5. Data replication based on storage media
Through the built-in firmware or operating system of the storage system, IP network or fiber channel and other transmission media links, the data is copied to the remote side in a synchronous or asynchronous manner, so as to realize the disaster protection of the production data.
The main feature of using storage media-based data replication technology to build a disaster recovery solution is that it requires higher network connections and hardware. Storage-based replication can be a "one-to-one" replication method, or a "one-to-many or many-to-one" replication method, that is, one stored data is copied to multiple remote storage or multiple stored data is copied to the same Remote storage, and replication can be bidirectional.
Storage replication technology is based on the realization of direct mirroring between storage disk arrays, through the built-in firmware or operating system of the storage system, using the IP network or fiber channel and other transmission interface connections, to copy the data in a synchronous or asynchronous manner to remote. Of course, under normal circumstances, this mode must be realized between storage system controllers of the same storage brand and the same model, and it is also one of the necessary conditions to be equipped with low latency and large bandwidth.
In storage array-based replication, the replication software runs on one or more storage controllers, which is very suitable for environments with a large number of servers for the following reasons:
Independent of the operating system; able to support Windows and Unix-based operating systems and mainframes (high-end arrays); license fees are generally based on storage capacity rather than the number of connected servers; no management work on connected servers is required.

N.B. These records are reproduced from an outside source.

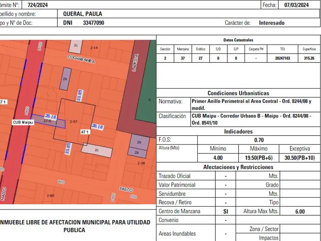 Catastral: Sección: 2 Manzana: 37 Gráfico:27
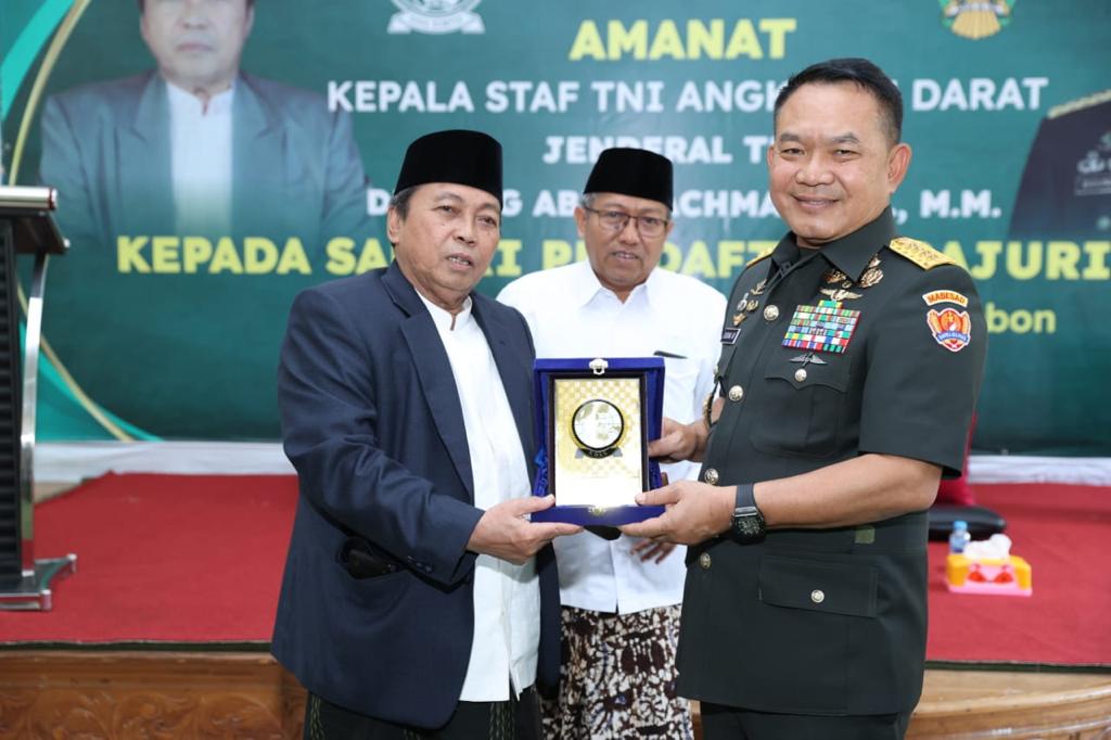 Cirebon Jabar, SIBER88.CO.ID_Kepala Staf Angkatan Darat (Kasad) Jenderal TNI Dudung Abdurahman, S.E., M,M., dihadapan para santri dan santriwati Ponpes Khas Kempek Cirebon, mengajak para santri dan santriwati untuk bergabung menjadi Prajurit TNI AD. Demikian disampaikan Kasad dalam rangkaian kunjungan kerja di wilayah Kabupaten Cirebon, saat berkesempatan mengunjungi Pondok Pesantren Khas Kempek Cirebon, Minggu (16/1/2022).
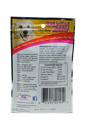 -. Feature : (3 Pack) Carolina P.R.Ime Salmon Jerky - Stay Fresh Pouch 6.0 oz. / Great for Dogs of all sizes / Wheat Free / Promotes cardiovascular health, skin & coat condition, joint health and brain & nerve function / Rich in Omega 3 and Omega 6 Fatty Acids
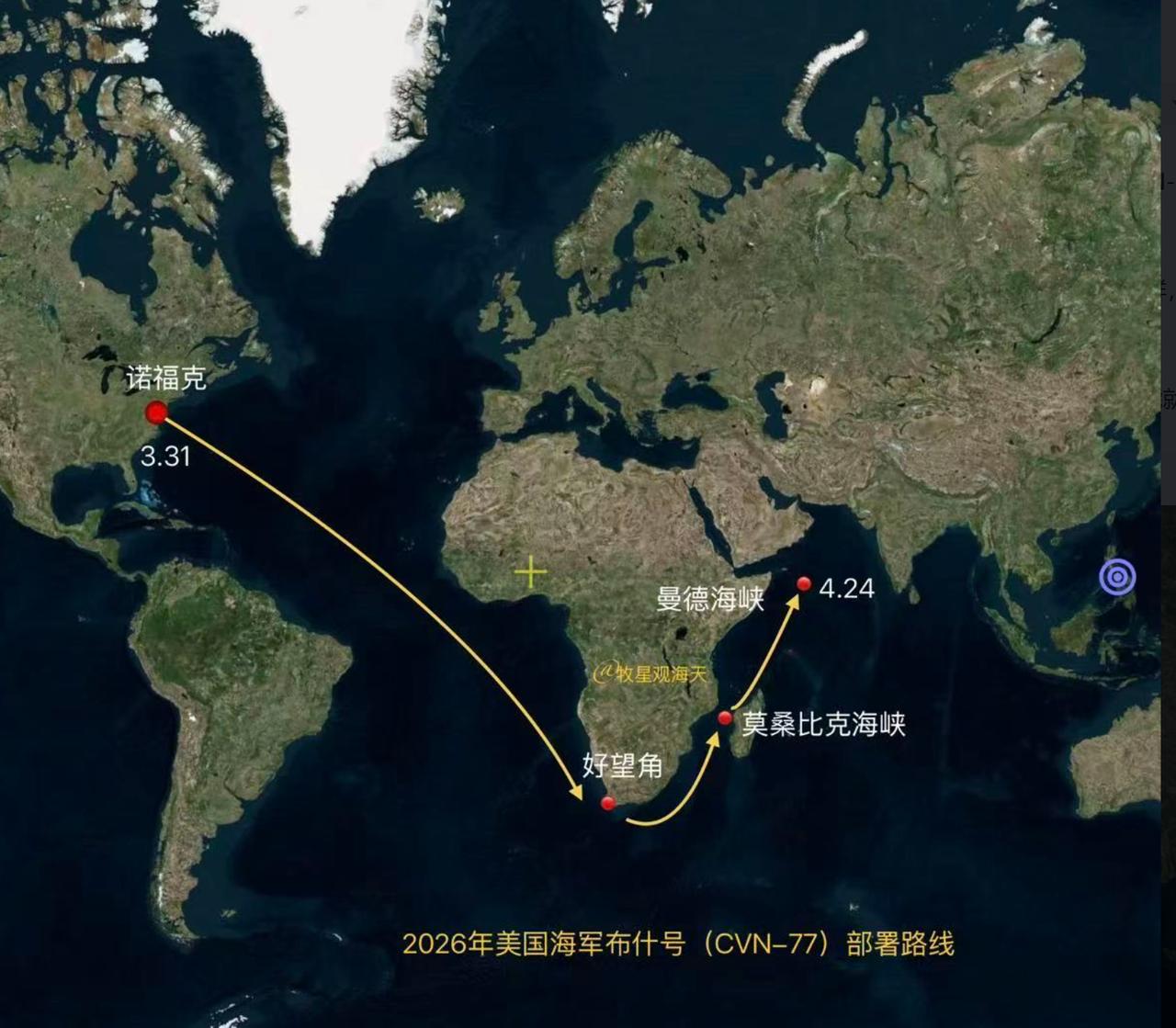 布什号就位,已经抵达阿拉伯海。 那么问题来了,布什号此行的任务是什么? 1、与福特号、林肯号组成三航母打击群,发起对伊朗的新一轮袭击? 2、福特号超期部署,需要回港休整,布什号只是来乱换的? 3、布什号部署在亚丁湾附近,准备对胡塞武装进行打击? 你认为,布什号的任务是什么?
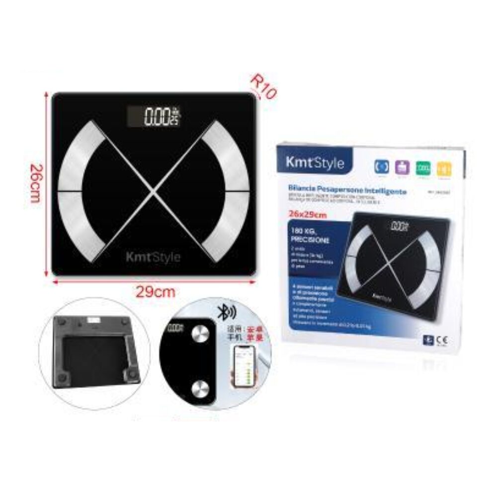 Cântar inteligent ("smart scale"), cu conectivitate Bluetooth. Afișează procentul de grăsime corporală (0.00% vizibil pe ecran) și alte date despre starea corpului prin intermediul unei aplicații dedicate. Suprafață din sticlă neagră cu elemente de design argintii.

Since the replication work is handed over to the storage controller to complete, the problem of excessive server performance overhead can be avoided when the asynchronous transmission local cache is large, so that the storage array-based replication is very suitable for mission-critical and high-end transaction applications .
Summary
In actual work, it cannot be said that which type of technology is necessarily superior to another type of technology. Advantage is always a relative concept. In actual applications, companies need to choose a technical route that is more suitable for their own business scenarios. After all, there are only suitable ones. Is the best.